R package for documenting and profiling research datasets. Gooder data means gooder research.
See Vignette for manual and wrapper function workflow.
Workflow
The datagoodr general work flow is listed below. See working-example/README.md for instructions on how to execute this workflow in the current set up.
Step 0: Save data file in data-dev/ directory.
Currently data-dev/DEMO-DATA-SMALL.csv is a good example.
Step 1: Create the DGF
This step inputs a data file from Step 0 then outputs the DGF as an excel and csv file. These files can then be manually (or iteratively) updated until they have all the information you want.
The goal of the DGF is to store the “minimum” amount of information to render the research guide without needed to read the raw data into the quarto document in step 3. Once the DGF is generated, the raw data is no longer needed to generate the RG.

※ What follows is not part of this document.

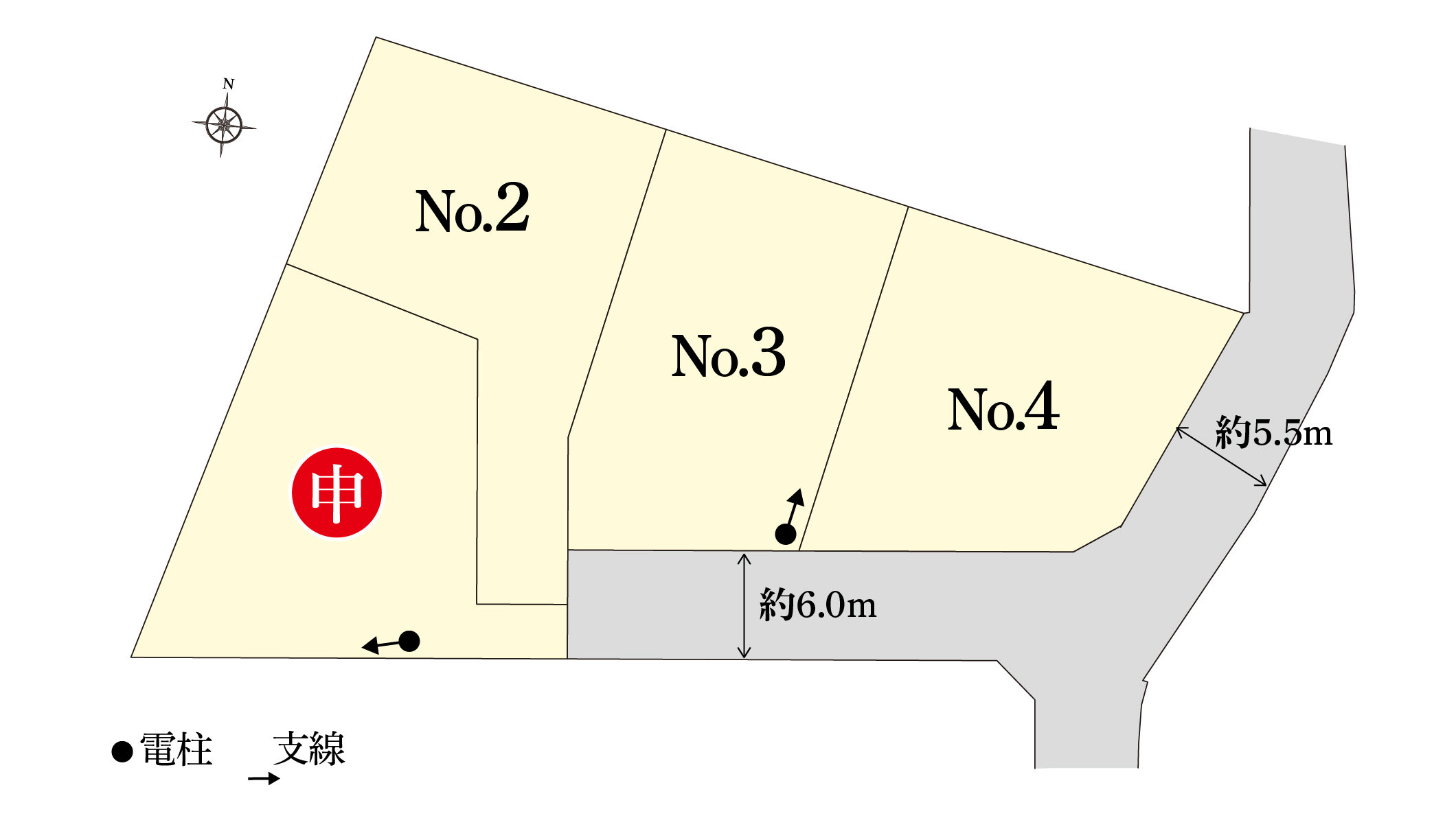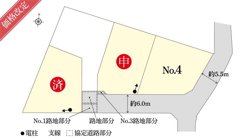 - 東側5.5m公道、分譲地内6.0m公道(アスファルト舗装)

Data inside each cell of the DGF is generally stored in JSON format.
Step 2: Validate the DGF
This step would include many of the DGF validation steps in the R/02*.R files. This is not currently operational. The goal of this step is to validate each column to make sure it is in a format that step 3 can process correctly.
Step 3: Render the RG
This step inputs the DGF you made in step 1 (and validated in step 2) then makes the research guide in PDF and HTML file types.
If you are only generating documentation for this data set one time, you can stop here. Step 4 and 5 are for when you need to regularly update the data, and thus regularly update the associated RG.
Step 4: Refresh the DGF
When the data set is updated, this step is meant to compare the old data set to the new one. If anything changed, the DGF should also updated. This updating is designed to be done through the rg_hash column of the DGF. The hashing allows us to check if a variable needs to up updated in the DGF without actually verifying each individual entry.
In the new data set for each variable, generate the hash value. If the new hash value matches the one in the rg_hash column of the old DGF, no need to update that variable, great! If the new hash value does not match the one in the rg_hash column of the old DGF, then that variable’s rg_[preview/properties/stats/graphics/hash] need to be updated.
Current file structure;
data/ contains all .rda data files used in datagoodr R package.
-
data-dev/ contains all the data for testing purposes
- DEMO-DATA-SMALL.CSV is the small data set used for testing
- DGF-CORE-CO-2019-V1.xlsx is a template of what the DGF should looks like that was created by hand to serve as an example.
- DGF-CORE-CO-2019-blank.xlsx is used in the datagoodr pipeline for examples of adding meta data to each variable.
- DGF.csv and DGF.xlsx are examples of generated DGF from Step 01 (see below)
-
dev/ contains some documentation of the work flow and tasks that still need to be done
- 03-work-flow.md describes the workflow for Step 3 (see below)
- data-type-funcs.md describes the functions and their locations for each data type in Steps 1 and 3 below
- TO-DO.md is a list of things that still need to be addressed
docs/ is all files for pkgdown website
DRAFT/ is all the draft scripts
-
inst/
- CITATION is citation file
- qmd-templates/RG.qmd is the RG Quarto document template used in the
datagoodr
wrapper funciton.
man/ all man files for R package.
pptx/ are various powerpoints describing the overall goals of the datagoodr package
-
qmd-templates/ contains quarto documents templates for the final research guide
- qmd-templates-DRAFT/ contains all the draft files
- test-render/ contains testing scripts
- RG_files contains meta data that is updated with RG.md is rendered
- RG.qmd is the script to generate the research guide from Step 3 below
- RG.html, .html.md, .md, .pdf are the rendered RG
-
R/ contains all the R scripts used in the datagoodr pipeline
- 00*.R scripts are for data files, utils funcitons, and wrapper function.
- 01*.R scripts are scripts used for Step 1
- 02*.R scripts are scripts used for Step 2
- 03*.R scripts are scripts used for Step 3
- 04*.R scripts are scripts used for Step 4
- 05*.R scripts are scripts used for Step 5
vignettes/ includes code on how to use datagoodr workflow manually and with
datagoodr
wrapper function.working-example/ contains scripts and instructions for a working example of the datagoodr functions.